Dataset items
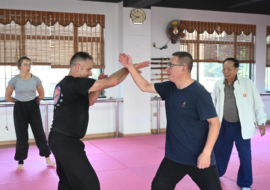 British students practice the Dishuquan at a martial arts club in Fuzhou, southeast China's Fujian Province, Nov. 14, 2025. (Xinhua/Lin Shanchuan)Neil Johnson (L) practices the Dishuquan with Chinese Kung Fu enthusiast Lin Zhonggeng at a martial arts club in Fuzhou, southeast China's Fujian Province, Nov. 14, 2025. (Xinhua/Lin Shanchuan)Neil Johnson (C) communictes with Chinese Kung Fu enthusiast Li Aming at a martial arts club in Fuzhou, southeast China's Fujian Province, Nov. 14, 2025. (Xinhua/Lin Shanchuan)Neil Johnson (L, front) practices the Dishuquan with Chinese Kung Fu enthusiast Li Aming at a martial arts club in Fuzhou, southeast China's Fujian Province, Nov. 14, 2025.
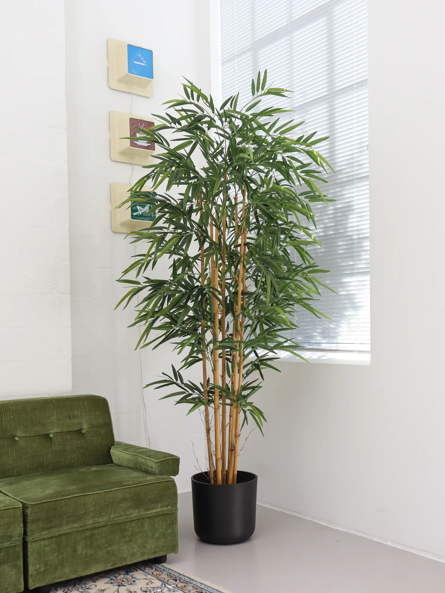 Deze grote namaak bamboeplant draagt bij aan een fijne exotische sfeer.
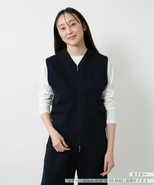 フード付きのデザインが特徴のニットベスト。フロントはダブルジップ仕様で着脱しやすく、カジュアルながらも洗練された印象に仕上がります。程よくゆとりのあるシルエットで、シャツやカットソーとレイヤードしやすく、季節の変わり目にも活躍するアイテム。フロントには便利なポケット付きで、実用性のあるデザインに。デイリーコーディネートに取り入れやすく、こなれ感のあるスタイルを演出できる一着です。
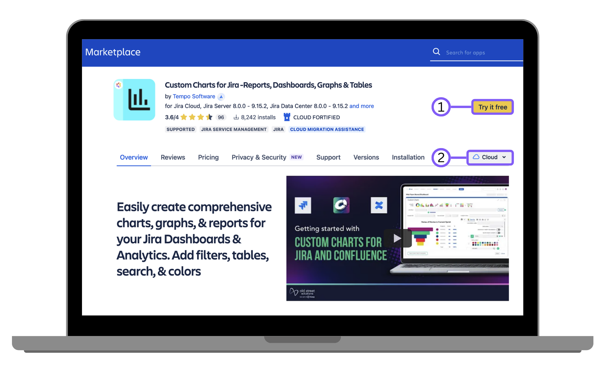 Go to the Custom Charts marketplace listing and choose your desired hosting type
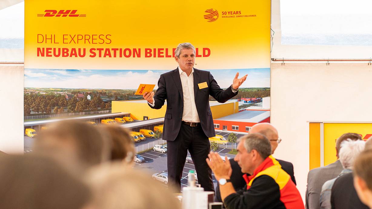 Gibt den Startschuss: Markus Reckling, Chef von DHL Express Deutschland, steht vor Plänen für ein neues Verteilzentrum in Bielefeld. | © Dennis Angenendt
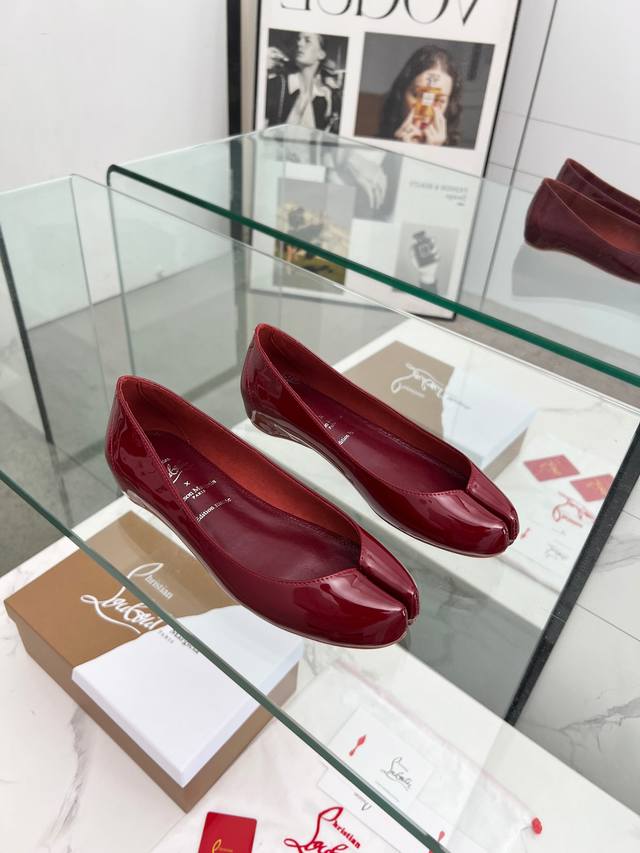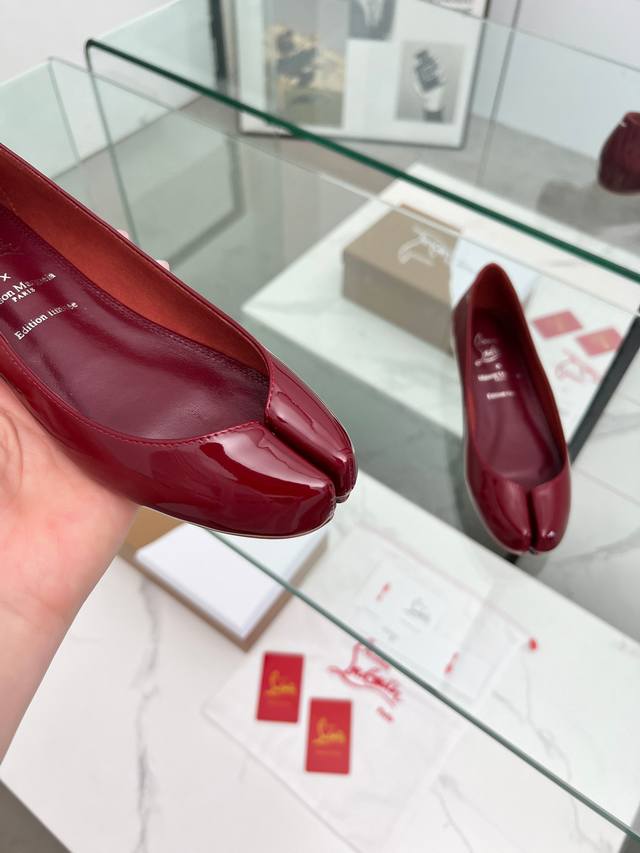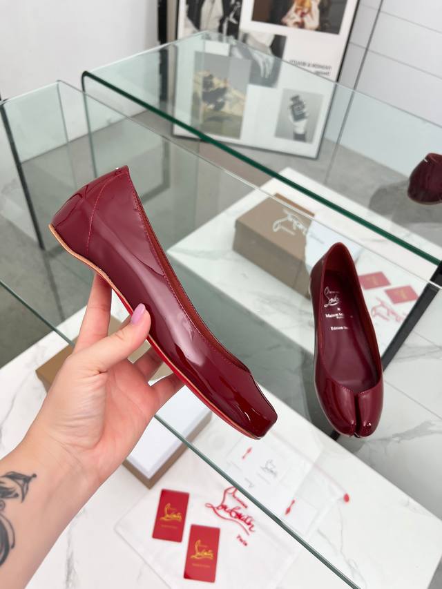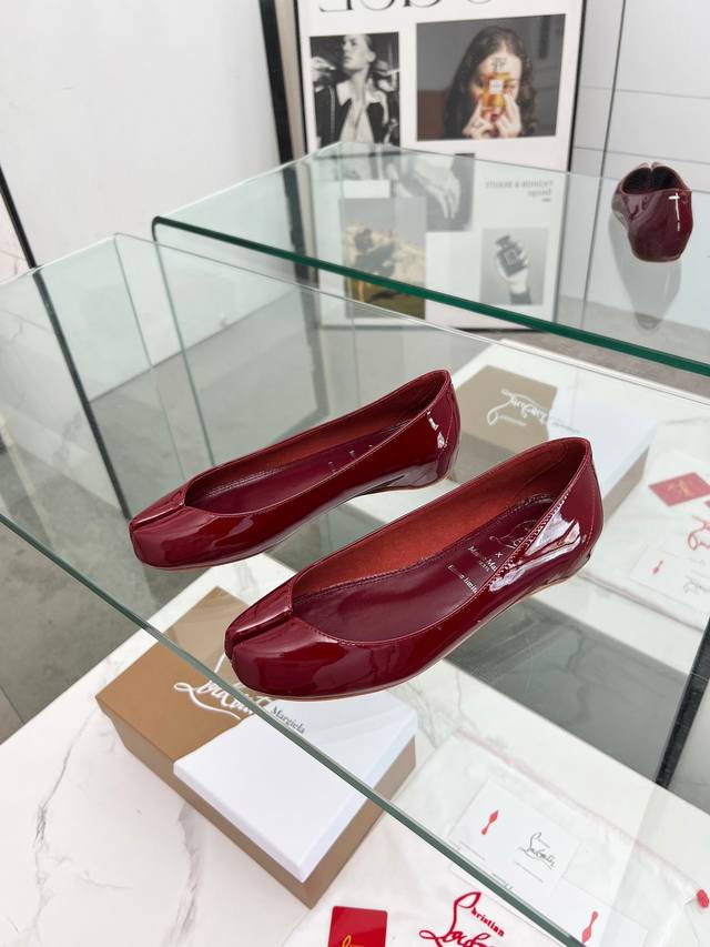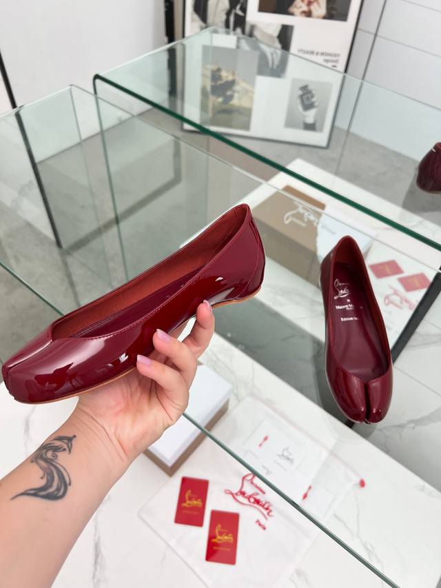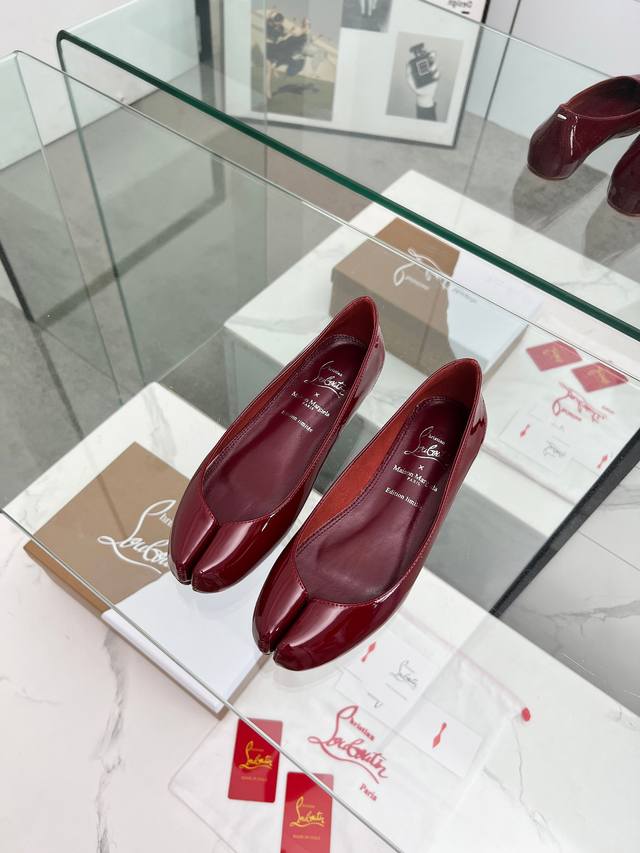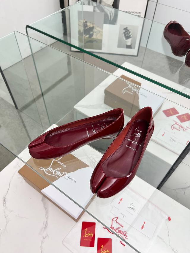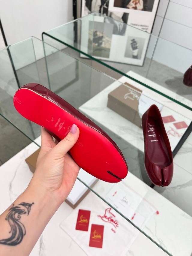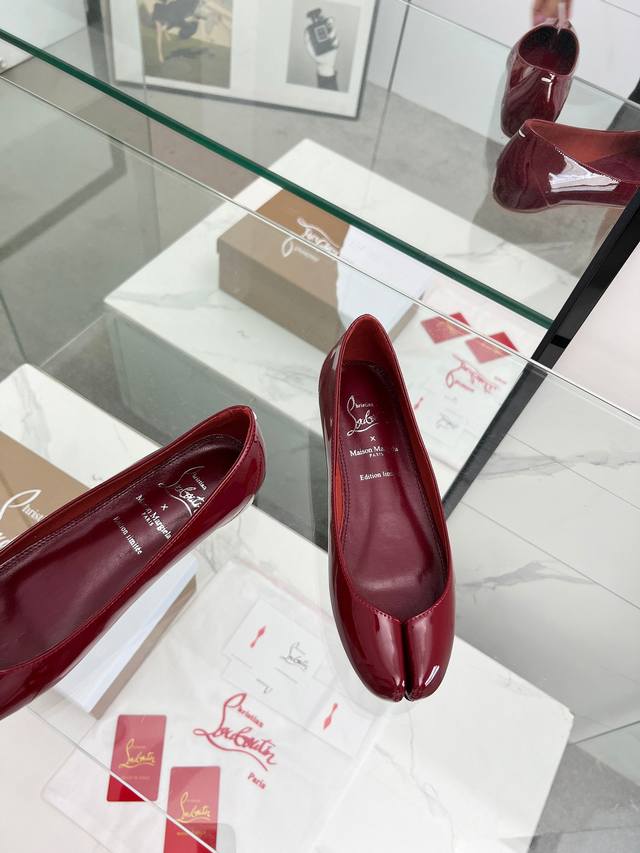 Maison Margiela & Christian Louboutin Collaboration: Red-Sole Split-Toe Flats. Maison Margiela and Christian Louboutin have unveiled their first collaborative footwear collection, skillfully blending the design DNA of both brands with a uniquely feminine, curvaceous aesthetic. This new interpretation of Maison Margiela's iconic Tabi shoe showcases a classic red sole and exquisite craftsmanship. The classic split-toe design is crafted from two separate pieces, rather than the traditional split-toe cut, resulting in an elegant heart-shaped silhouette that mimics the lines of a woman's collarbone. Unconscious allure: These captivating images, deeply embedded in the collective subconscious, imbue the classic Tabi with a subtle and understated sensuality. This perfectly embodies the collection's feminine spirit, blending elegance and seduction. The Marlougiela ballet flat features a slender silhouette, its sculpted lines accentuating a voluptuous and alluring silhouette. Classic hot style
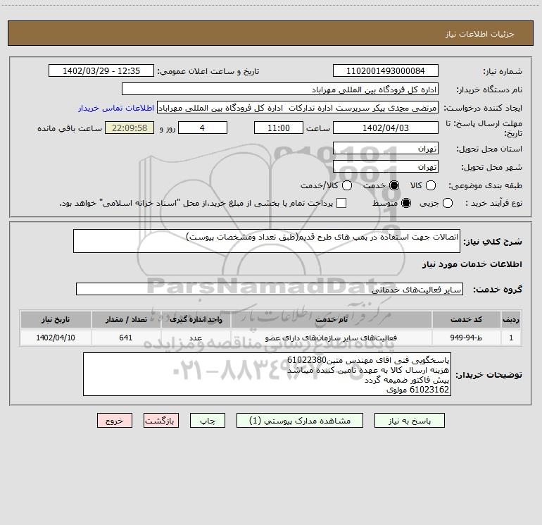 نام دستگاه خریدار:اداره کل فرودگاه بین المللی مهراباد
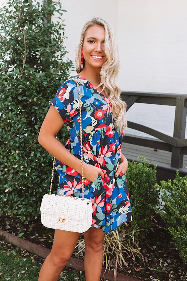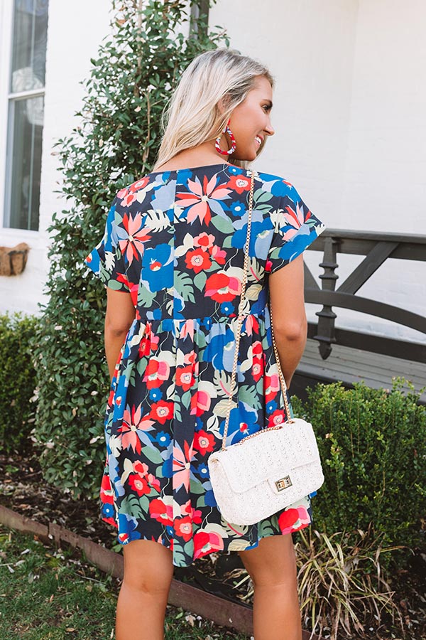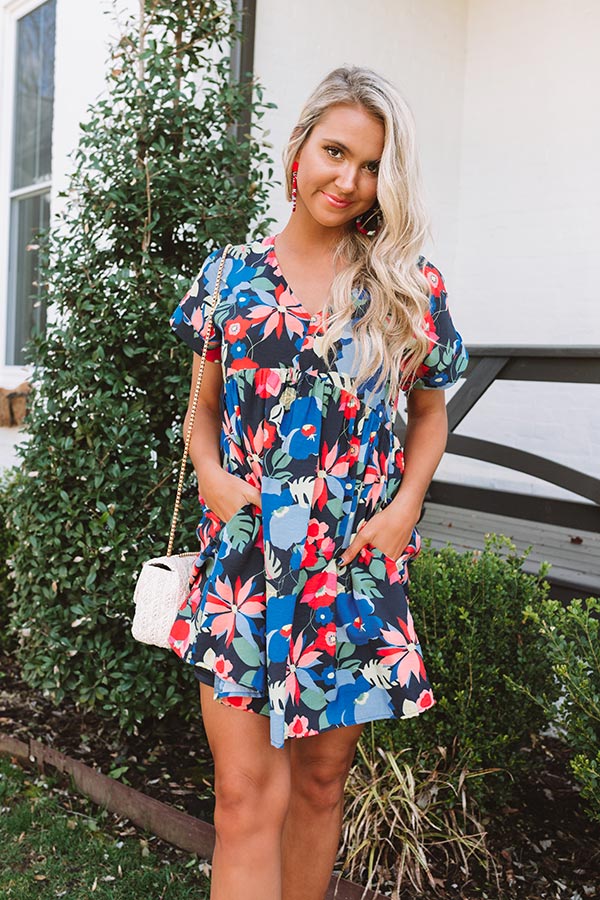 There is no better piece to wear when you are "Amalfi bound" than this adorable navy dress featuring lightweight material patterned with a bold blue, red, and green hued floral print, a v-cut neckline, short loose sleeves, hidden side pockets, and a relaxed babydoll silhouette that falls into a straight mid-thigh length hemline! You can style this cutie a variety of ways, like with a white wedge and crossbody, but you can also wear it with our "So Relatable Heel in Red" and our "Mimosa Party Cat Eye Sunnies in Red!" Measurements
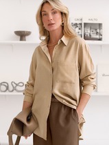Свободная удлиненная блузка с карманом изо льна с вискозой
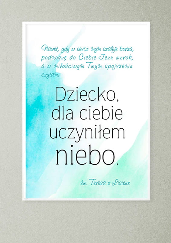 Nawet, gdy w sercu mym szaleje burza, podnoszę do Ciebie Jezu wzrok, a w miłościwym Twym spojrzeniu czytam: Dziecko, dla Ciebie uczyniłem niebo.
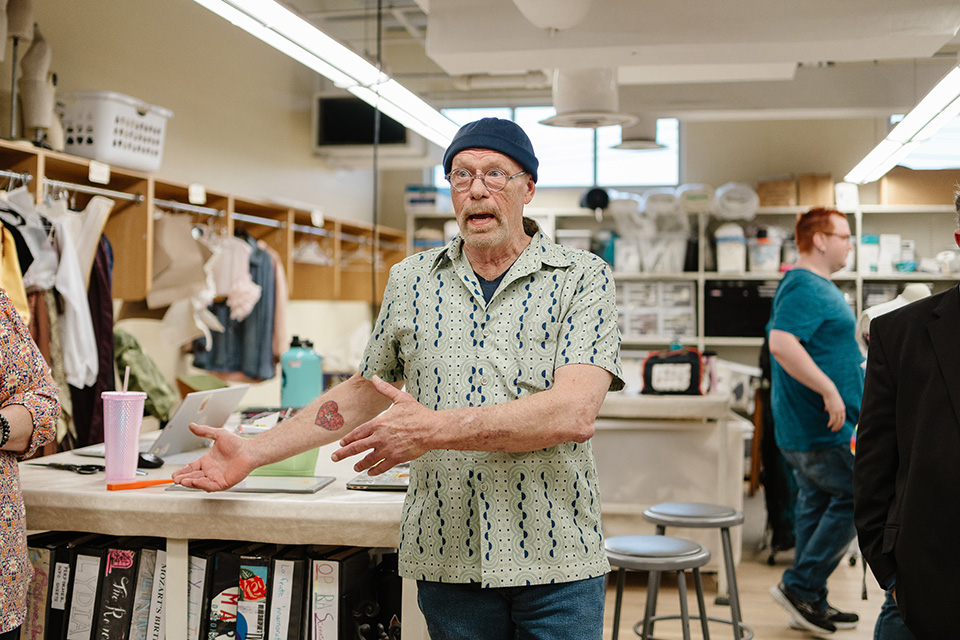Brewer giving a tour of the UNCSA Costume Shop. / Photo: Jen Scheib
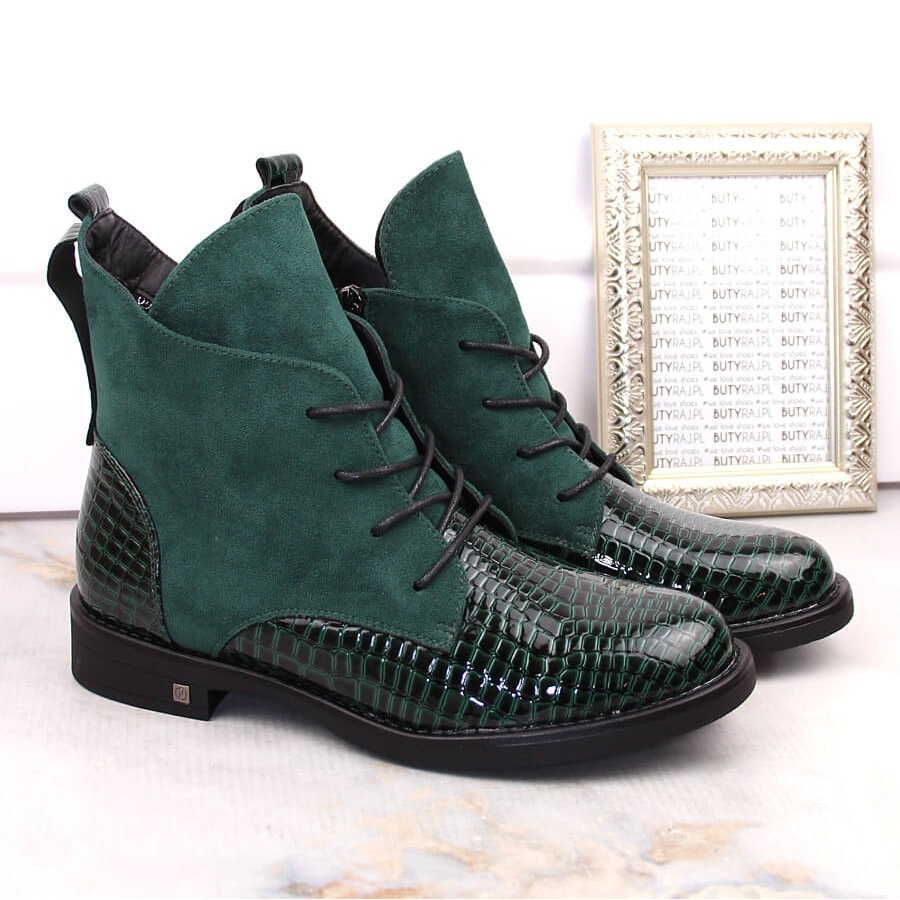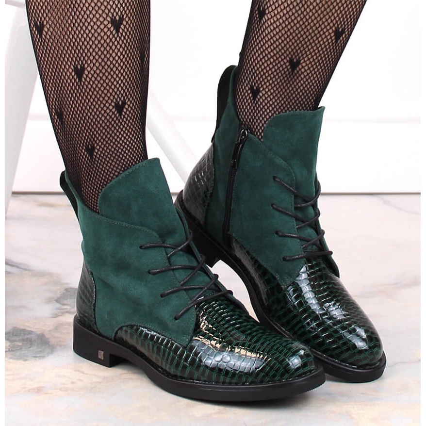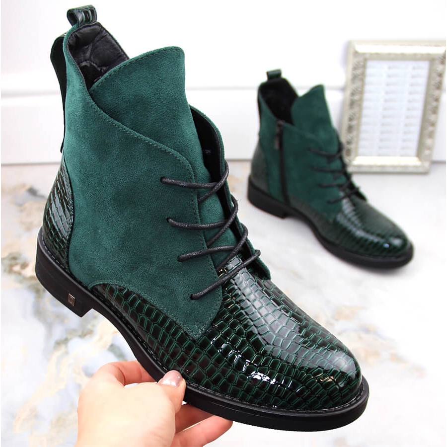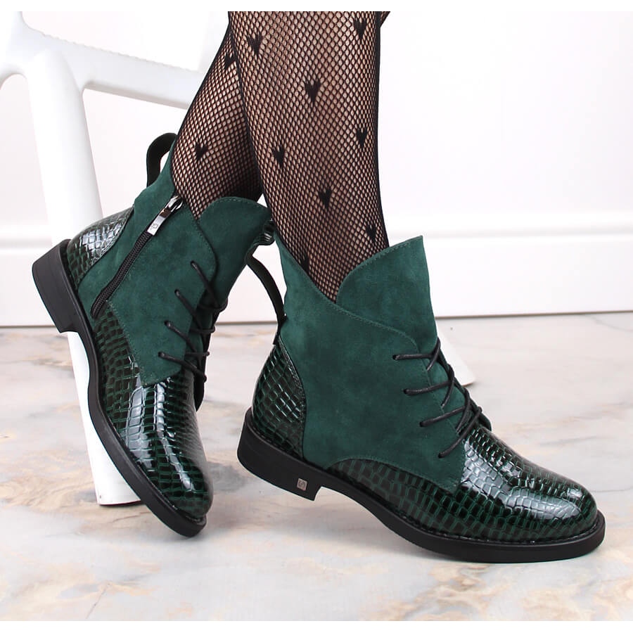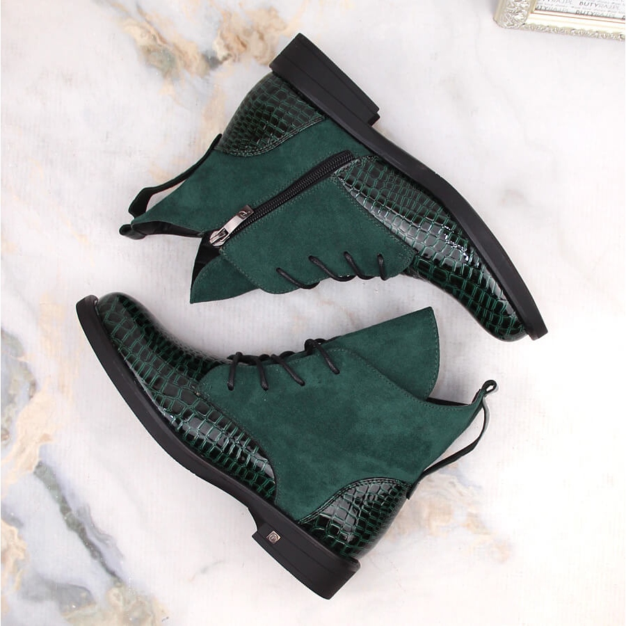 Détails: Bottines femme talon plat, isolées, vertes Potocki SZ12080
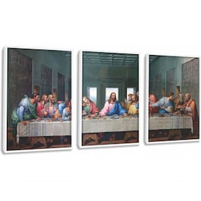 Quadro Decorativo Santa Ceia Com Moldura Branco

Your instructions> Transcribe every line from the records above without alteration, and leave out the images.

Task solution>
 British students practice the Dishuquan at a martial arts club in Fuzhou, southeast China's Fujian Province, Nov. 14, 2025. (Xinhua/Lin Shanchuan)Neil Johnson (L) practices the Dishuquan with Chinese Kung Fu enthusiast Lin Zhonggeng at a martial arts club in Fuzhou, southeast China's Fujian Province, Nov. 14, 2025. (Xinhua/Lin Shanchuan)Neil Johnson (C) communictes with Chinese Kung Fu enthusiast Li Aming at a martial arts club in Fuzhou, southeast China's Fujian Province, Nov. 14, 2025. (Xinhua/Lin Shanchuan)Neil Johnson (L, front) practices the Dishuquan with Chinese Kung Fu enthusiast Li Aming at a martial arts club in Fuzhou, southeast China's Fujian Province, Nov. 14, 2025.
 Deze grote namaak bamboeplant draagt bij aan een fijne exotische sfeer.
 フード付きのデザインが特徴のニットベスト。フロントはダブルジップ仕様で着脱しやすく、カジュアルながらも洗練された印象に仕上がります。程よくゆとりのあるシルエットで、シャツやカットソーとレイヤードしやすく、季節の変わり目にも活躍するアイテム。フロントには便利なポケット付きで、実用性のあるデザインに。デイリーコーディネートに取り入れやすく、こなれ感のあるスタイルを演出できる一着です。
 Go to the Custom Charts marketplace listing and choose your desired hosting type
 Gibt den Startschuss: Markus Reckling, Chef von DHL Express Deutschland, steht vor Plänen für ein neues Verteilzentrum in Bielefeld. | © Dennis Angenendt
 Maison Margiela & Christian Louboutin Collaboration: Red-Sole Split-Toe Flats. Maison Margiela and Christian Louboutin have unveiled their first collaborative footwear collection, skillfully blending the design DNA of both brands with a uniquely feminine, curvaceous aesthetic. This new interpretation of Maison Margiela's iconic Tabi shoe showcases a classic red sole and exquisite craftsmanship. The classic split-toe design is crafted from two separate pieces, rather than the traditional split-toe cut, resulting in an elegant heart-shaped silhouette that mimics the lines of a woman's collarbone. Unconscious allure: These captivating images, deeply embedded in the collective subconscious, imbue the classic Tabi with a subtle and understated sensuality. This perfectly embodies the collection's feminine spirit, blending elegance and seduction. The Marlougiela ballet flat features a slender silhouette, its sculpted lines accentuating a voluptuous and alluring silhouette. Classic hot style
 نام دستگاه خریدار:اداره کل فرودگاه بین المللی مهراباد
 There is no better piece to wear when you are "Amalfi bound" than this adorable navy dress featuring lightweight material patterned with a bold blue, red, and green hued floral print, a v-cut neckline, short loose sleeves, hidden side pockets, and a relaxed babydoll silhouette that falls into a straight mid-thigh length hemline! You can style this cutie a variety of ways, like with a white wedge and crossbody, but you can also wear it with our "So Relatable Heel in Red" and our "Mimosa Party Cat Eye Sunnies in Red!" Measurements
Свободная удлиненная блузка с карманом изо льна с вискозой
 Nawet, gdy w sercu mym szaleje burza, podnoszę do Ciebie Jezu wzrok, a w miłościwym Twym spojrzeniu czytam: Dziecko, dla Ciebie uczyniłem niebo.
Brewer giving a tour of the UNCSA Costume Shop. / Photo: Jen Scheib
 Détails: Bottines femme talon plat, isolées, vertes Potocki SZ12080
 Quadro Decorativo Santa Ceia Com Moldura Branco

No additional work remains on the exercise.